Collection entries »
******************************

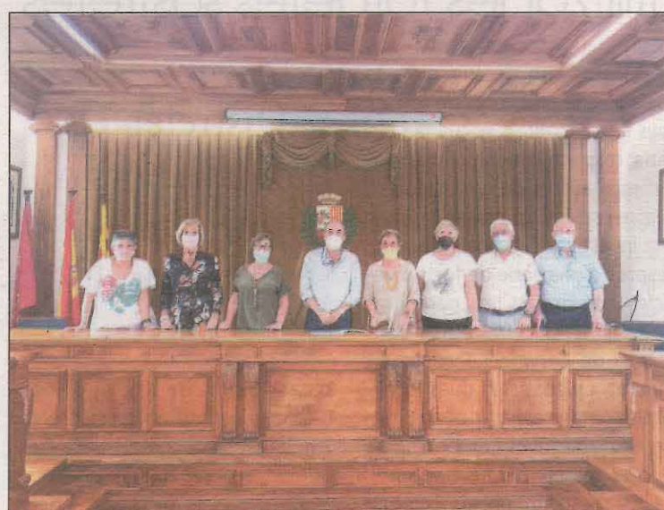
El conveni comporta una partida de 20.000 euros

L'Ajuntament de Vielha e Mijaran ha renovat el conveni de col·laboració amb la junta de la llar del jubilat "Sant Miquèu" de Vielha. Una col·laboració que va acompanyada d'una partida de 20.000 euros amb la qual el consistori pretén continuar ajudant a la junta d'aquesta instal·lació municipal perquè pugui preparar i desenvolupar el programa d'activitats anuals.
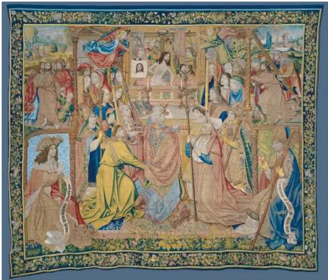
Imagen n° 8: La Misa de San Gregorio de Colyn de Coeter
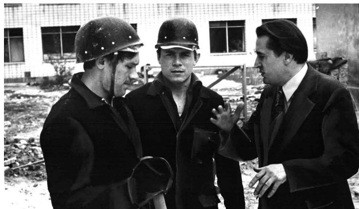
Студенти на будівництві чергового корпусу КІБІ (1976)

З-під пера ректора, академіка Академії інженерних наук України А. М. Тугая вийшло понад 200 наукових праць, 17 підручників і посібників, 5 довідників, 7 монографій, підготував чотирьох кандидатів наук. За сумлінну та плідну працю, спрямовану на розвиток національної і вищої освіти й науки в галузі будівництва і архітектури, та підготовку висококваліфікованих кадрів академік Анатолій Михайлович Тугай був нагороджений орденом «Знак Пошани», «Дружби народів», «За
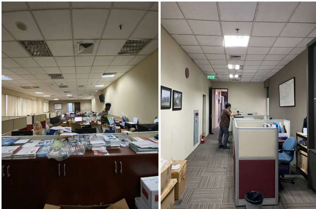
Gambar 1. 3 Suasana Ruang Kantor PT. SOG Indonesia

Lembur yang berlebihan bagaikan racun yang menggerogoti semangat dan produktivitas karyawan. Kelelahan fisik dan mental akibat lembur yang berkepanjangan dapat menurunkan kualitas kerja, meningkatkan risiko kecelakaan kerja, dan bahkan memicu masalah kesehatan yang serius. Di sisi lain, penurunan semangat kerja bagaikan api yang mematikan motivasi dan kreatifitas karyawan. Rasa tidak adil karena harus bekerja lebih keras, ditambah dengan kekhawatiran akan masa depan perusahaan akibat tingginya turnover, dapat membuat karyawan kehilangan fokus, kehilangan gairah, dan kehilangan kepercayaan terhadap organisasi
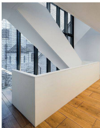
Das Ensemble Sankt Urbanhof, Mittelhaus und Stadttheater mit Bühnenturm (links). Der restaurierte und rekonstruierte Äbtesaal (Mitte). Ein Siebdruck auf den Gläsern soll das neue Treppenhaus vor Sonne schützen (rechts).

L'ensemble est devenu un prestigieux havre de culture. Le «Sankt Urbanhof» est flanqué d'une cage d'escalier en acier et verre et comporte côté jardin deux annexes en béton et verre et un grand bâtiment en bois. L'intérieur, en particulier un plafond à caissons de 1606, a été restauré avec soin. Le sous-sol abrite une exposition archéologique permanente. L'ensemble fait partie des réalisations distinguées par le prix de la conservation des monuments historiques 2010.

******************************

Exercise objective » Could the lines from the first entry through the line that contains "Das Ensemble Sankt" be copied exactly, with all pictures left out?

Reply to the task »
El conveni comporta una partida de 20.000 euros

L'Ajuntament de Vielha e Mijaran ha renovat el conveni de col·laboració amb la junta de la llar del jubilat "Sant Miquèu" de Vielha. Una col·laboració que va acompanyada d'una partida de 20.000 euros amb la qual el consistori pretén continuar ajudant a la junta d'aquesta instal·lació municipal perquè pugui preparar i desenvolupar el programa d'activitats anuals.
Imagen n° 8: La Misa de San Gregorio de Colyn de Coeter
Студенти на будівництві чергового корпусу КІБІ (1976)

З-під пера ректора, академіка Академії інженерних наук України А. М. Тугая вийшло понад 200 наукових праць, 17 підручників і посібників, 5 довідників, 7 монографій, підготував чотирьох кандидатів наук. За сумлінну та плідну працю, спрямовану на розвиток національної і вищої освіти й науки в галузі будівництва і архітектури, та підготовку висококваліфікованих кадрів академік Анатолій Михайлович Тугай був нагороджений орденом «Знак Пошани», «Дружби народів», «За
Gambar 1. 3 Suasana Ruang Kantor PT. SOG Indonesia

Lembur yang berlebihan bagaikan racun yang menggerogoti semangat dan produktivitas karyawan. Kelelahan fisik dan mental akibat lembur yang berkepanjangan dapat menurunkan kualitas kerja, meningkatkan risiko kecelakaan kerja, dan bahkan memicu masalah kesehatan yang serius. Di sisi lain, penurunan semangat kerja bagaikan api yang mematikan motivasi dan kreatifitas karyawan. Rasa tidak adil karena harus bekerja lebih keras, ditambah dengan kekhawatiran akan masa depan perusahaan akibat tingginya turnover, dapat membuat karyawan kehilangan fokus, kehilangan gairah, dan kehilangan kepercayaan terhadap organisasi
Das Ensemble Sankt Urbanhof, Mittelhaus und Stadttheater mit Bühnenturm (links). Der restaurierte und rekonstruierte Äbtesaal (Mitte). Ein Siebdruck auf den Gläsern soll das neue Treppenhaus vor Sonne schützen (rechts).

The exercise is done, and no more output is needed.